■ Supplied records ■
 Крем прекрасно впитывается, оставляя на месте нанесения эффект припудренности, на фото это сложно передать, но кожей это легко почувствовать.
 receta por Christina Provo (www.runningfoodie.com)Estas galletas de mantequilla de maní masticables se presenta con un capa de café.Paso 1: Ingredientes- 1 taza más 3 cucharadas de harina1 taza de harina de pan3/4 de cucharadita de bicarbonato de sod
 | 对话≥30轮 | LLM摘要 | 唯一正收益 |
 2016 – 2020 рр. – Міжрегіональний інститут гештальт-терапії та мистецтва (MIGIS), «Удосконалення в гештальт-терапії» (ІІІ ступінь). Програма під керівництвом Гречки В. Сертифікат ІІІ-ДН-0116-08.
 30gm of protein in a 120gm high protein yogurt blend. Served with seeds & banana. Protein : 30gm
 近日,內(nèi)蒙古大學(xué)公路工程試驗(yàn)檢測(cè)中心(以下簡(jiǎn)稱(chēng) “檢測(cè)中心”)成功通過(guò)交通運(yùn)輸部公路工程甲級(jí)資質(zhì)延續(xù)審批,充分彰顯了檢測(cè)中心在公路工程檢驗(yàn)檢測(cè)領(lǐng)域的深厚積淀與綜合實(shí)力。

==

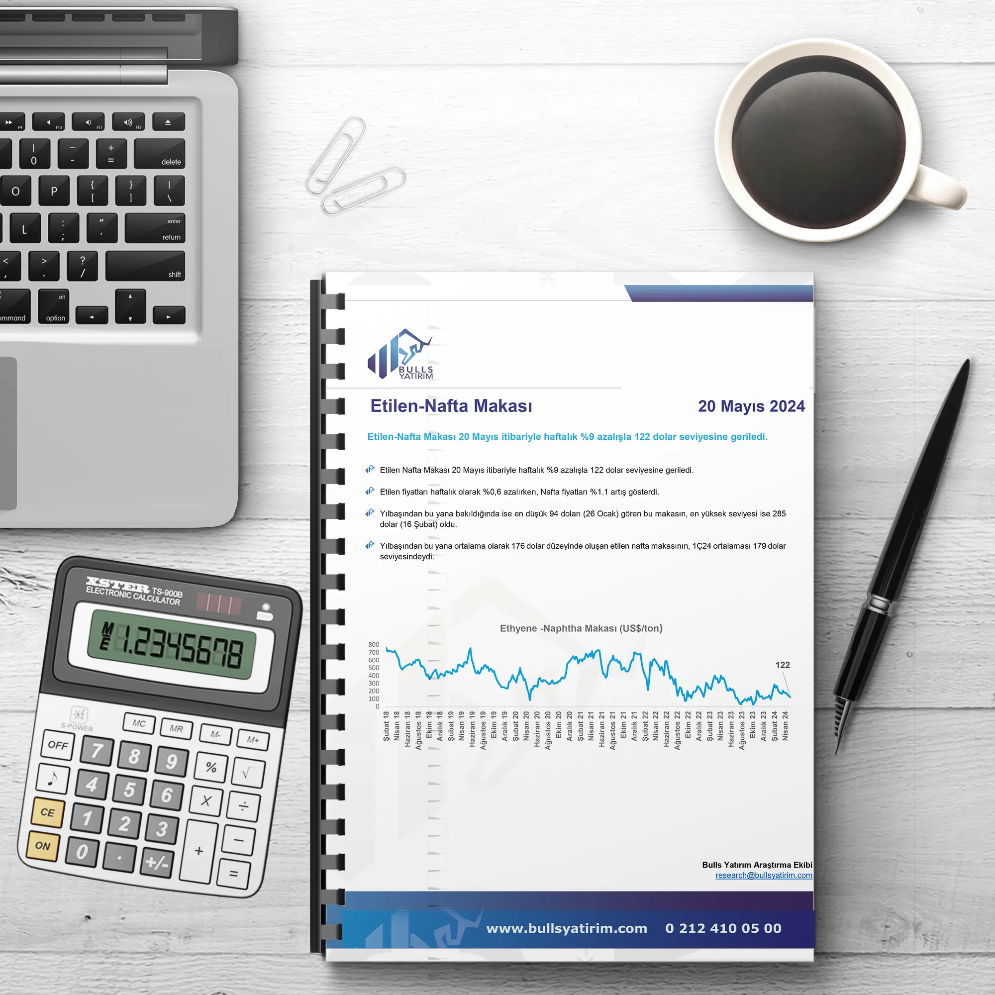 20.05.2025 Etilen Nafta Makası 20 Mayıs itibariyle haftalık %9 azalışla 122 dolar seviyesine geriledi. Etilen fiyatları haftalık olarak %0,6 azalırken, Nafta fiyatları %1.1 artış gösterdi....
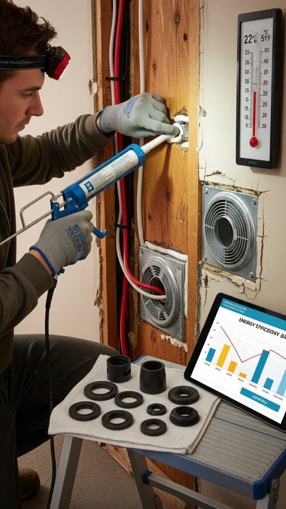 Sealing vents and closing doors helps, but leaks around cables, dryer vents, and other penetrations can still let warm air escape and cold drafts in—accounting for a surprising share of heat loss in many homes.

■ Try it ■
Please give back exactly the lines of this listing beginning at the line with "Крем прекрасно впитывается, оставляя" and ending with the line with "近日,內(nèi)蒙古大學(xué)公路", both included, and nothing else.

■ Task result ■
 Крем прекрасно впитывается, оставляя на месте нанесения эффект припудренности, на фото это сложно передать, но кожей это легко почувствовать.
 receta por Christina Provo (www.runningfoodie.com)Estas galletas de mantequilla de maní masticables se presenta con un capa de café.Paso 1: Ingredientes- 1 taza más 3 cucharadas de harina1 taza de harina de pan3/4 de cucharadita de bicarbonato de sod
 | 对话≥30轮 | LLM摘要 | 唯一正收益 |
 2016 – 2020 рр. – Міжрегіональний інститут гештальт-терапії та мистецтва (MIGIS), «Удосконалення в гештальт-терапії» (ІІІ ступінь). Програма під керівництвом Гречки В. Сертифікат ІІІ-ДН-0116-08.
 30gm of protein in a 120gm high protein yogurt blend. Served with seeds & banana. Protein : 30gm
 近日,內(nèi)蒙古大學(xué)公路工程試驗(yàn)檢測(cè)中心(以下簡(jiǎn)稱(chēng) “檢測(cè)中心”)成功通過(guò)交通運(yùn)輸部公路工程甲級(jí)資質(zhì)延續(xù)審批,充分彰顯了檢測(cè)中心在公路工程檢驗(yàn)檢測(cè)領(lǐng)域的深厚積淀與綜合實(shí)力。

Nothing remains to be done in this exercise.